### Work to be completed
Retype, word for word, the line holding "5.景区旅游观光车年初预算资" and each line after it down to the end of the data; pictures are not copied.
┄┄┄┄┄┄┄┄┄┄
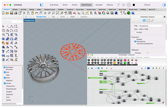 - Experimental group: Participants used the VDMC-based design approach, which was integrated into Rhinoceros 7.0 with the Grasshopper plugin. This parametric modeling tool allowed designers to generate multiple wheel design variants through parametric adjustments. Key parameters such as curvature, symmetry, and facial detailing were manipulated, enabling rapid iteration while ensuring brand consistency.
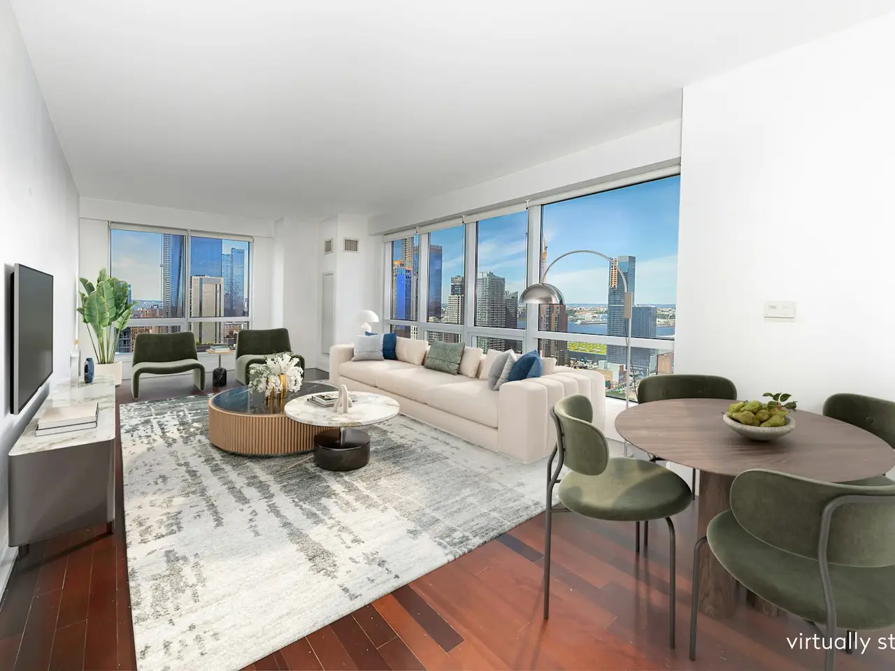 -Spectacular views, amazing sunsets and the most coveted one bedroom layout in the building. -Stunning high floor corner layout, one bedroom/one bath with South and West exposures. -794 sf with a 100% usable floorplan, floor-to-ceiling windows, hardwood floors, top of line appliances complete with washer/dryer. -Extra-large living room with views of iconic downtown including statue of liberty, One world trade, Hudson yards and the Hudson river. -A fully equipped kitchen set up for entertaining complete with floor to ceiling window - West facing master bedroom that fits a king size bed and the only one bedroom layout that has a walk-in closet. -A full-service luxury condominium that offers valet, concierge, maid and dry cleaning services and onsite parking. - The Orion is a perfect investment or a Pied- a-terre and pet friendly.
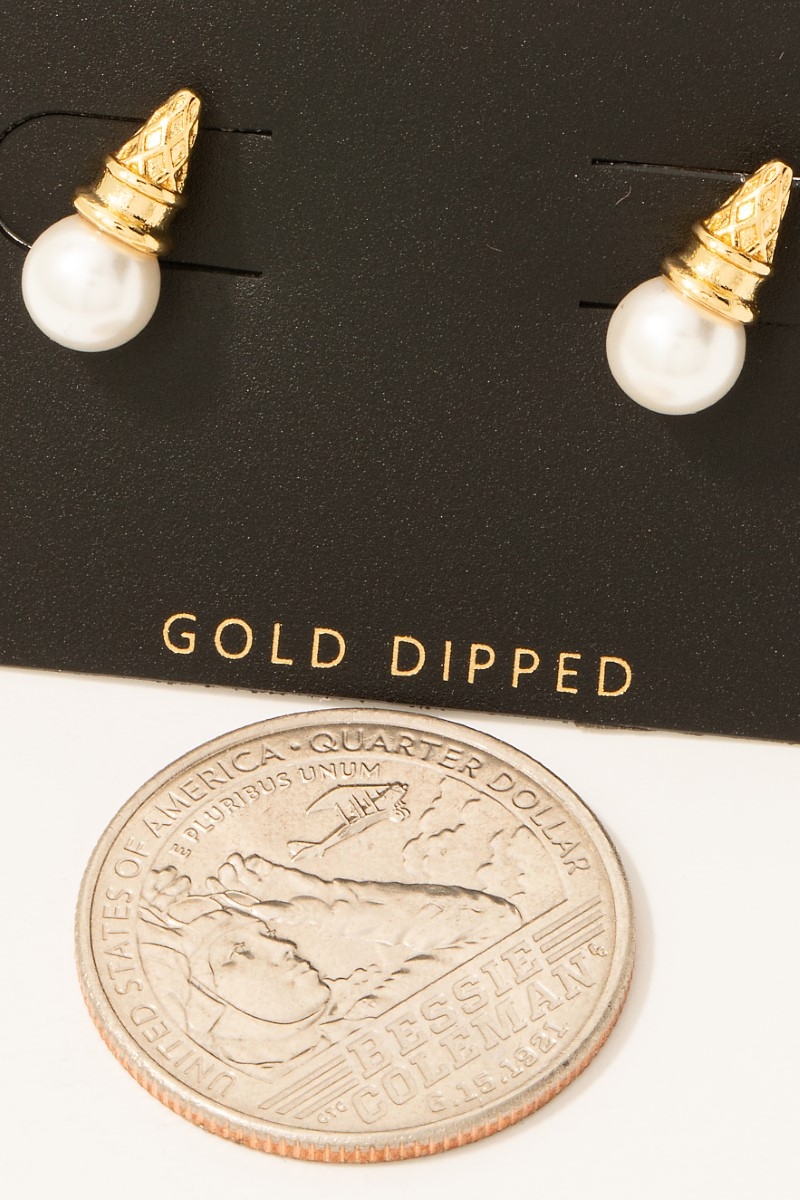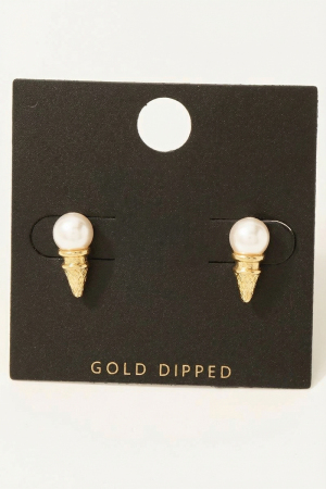 • This pair of stud earrings showcases a unique gold dipped pearl ice cream cone style. Experience refined sophistication with this understated yet stylish piece.
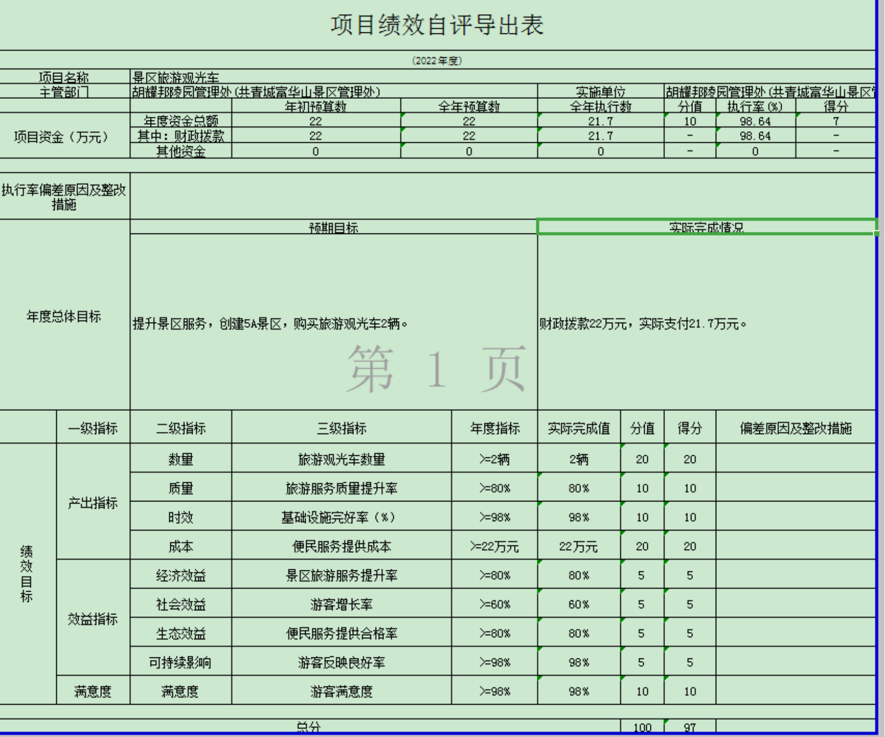 5.景区旅游观光车年初预算资金22万元,财政安排资金22万元,实际支出21.7万元。
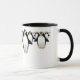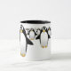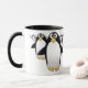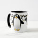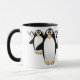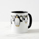 Grupo de pingüinos en una taza de café - interior negro, con una manija negra.
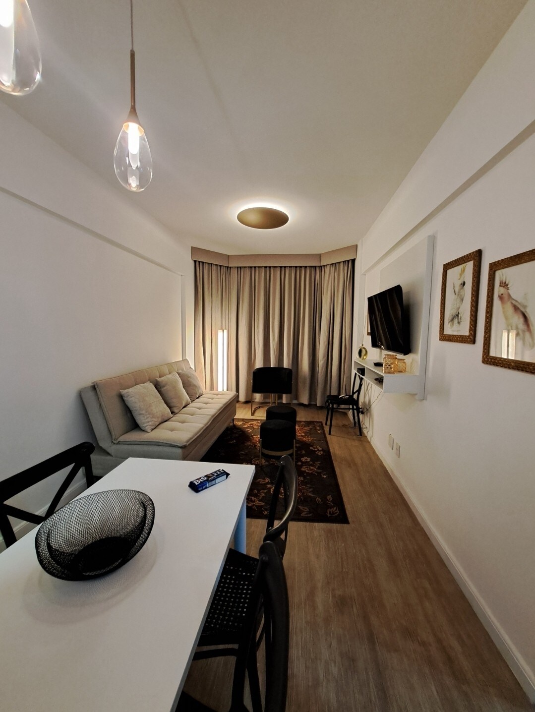 Stora lägenheter med 44 m2, utrustade med amerikanskt kök, vardagsrum (perfekt för att arbeta som hemmakontor), garderob, fulla sviter, kabel-TV, wifi, luftkonditionering, pool, squashbana, spelrum, bastu och gym. Förvaltningstjänst dagligen med trousseau-utbyten efter behov och bekvämligheter tillgängliga. Parkering med beten (R$ 25,00 per dag) och tvätt till ditt förfogande för din största komfort. Perfekt för din affärs- eller fritidsresa
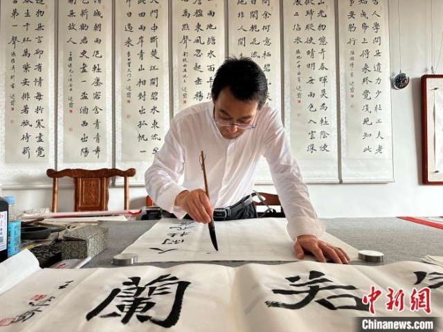 “我從小練習(xí)繪畫,從學(xué)校畢業(yè)后直接回縣里開了自己的書畫工作室,現(xiàn)在入駐悅心國(guó)際書畫村,收入還可以。最主要耐得住寂寞,靜下心來打磨技藝。”“90后”通渭本土?xí)嫾伊茉诋?dāng)?shù)匦∮忻麣?。他說,書畫在年輕群體當(dāng)中很受歡迎,尤其前來跟他學(xué)習(xí)的學(xué)生很多。
┄┄┄┄┄┄┄┄┄┄
### Task answer
 5.景区旅游观光车年初预算资金22万元,财政安排资金22万元,实际支出21.7万元。
 Grupo de pingüinos en una taza de café - interior negro, con una manija negra.
 Stora lägenheter med 44 m2, utrustade med amerikanskt kök, vardagsrum (perfekt för att arbeta som hemmakontor), garderob, fulla sviter, kabel-TV, wifi, luftkonditionering, pool, squashbana, spelrum, bastu och gym. Förvaltningstjänst dagligen med trousseau-utbyten efter behov och bekvämligheter tillgängliga. Parkering med beten (R$ 25,00 per dag) och tvätt till ditt förfogande för din största komfort. Perfekt för din affärs- eller fritidsresa
 “我從小練習(xí)繪畫,從學(xué)校畢業(yè)后直接回縣里開了自己的書畫工作室,現(xiàn)在入駐悅心國(guó)際書畫村,收入還可以。最主要耐得住寂寞,靜下心來打磨技藝。”“90后”通渭本土?xí)嫾伊茉诋?dāng)?shù)匦∮忻麣?。他說,書畫在年輕群體當(dāng)中很受歡迎,尤其前來跟他學(xué)習(xí)的學(xué)生很多。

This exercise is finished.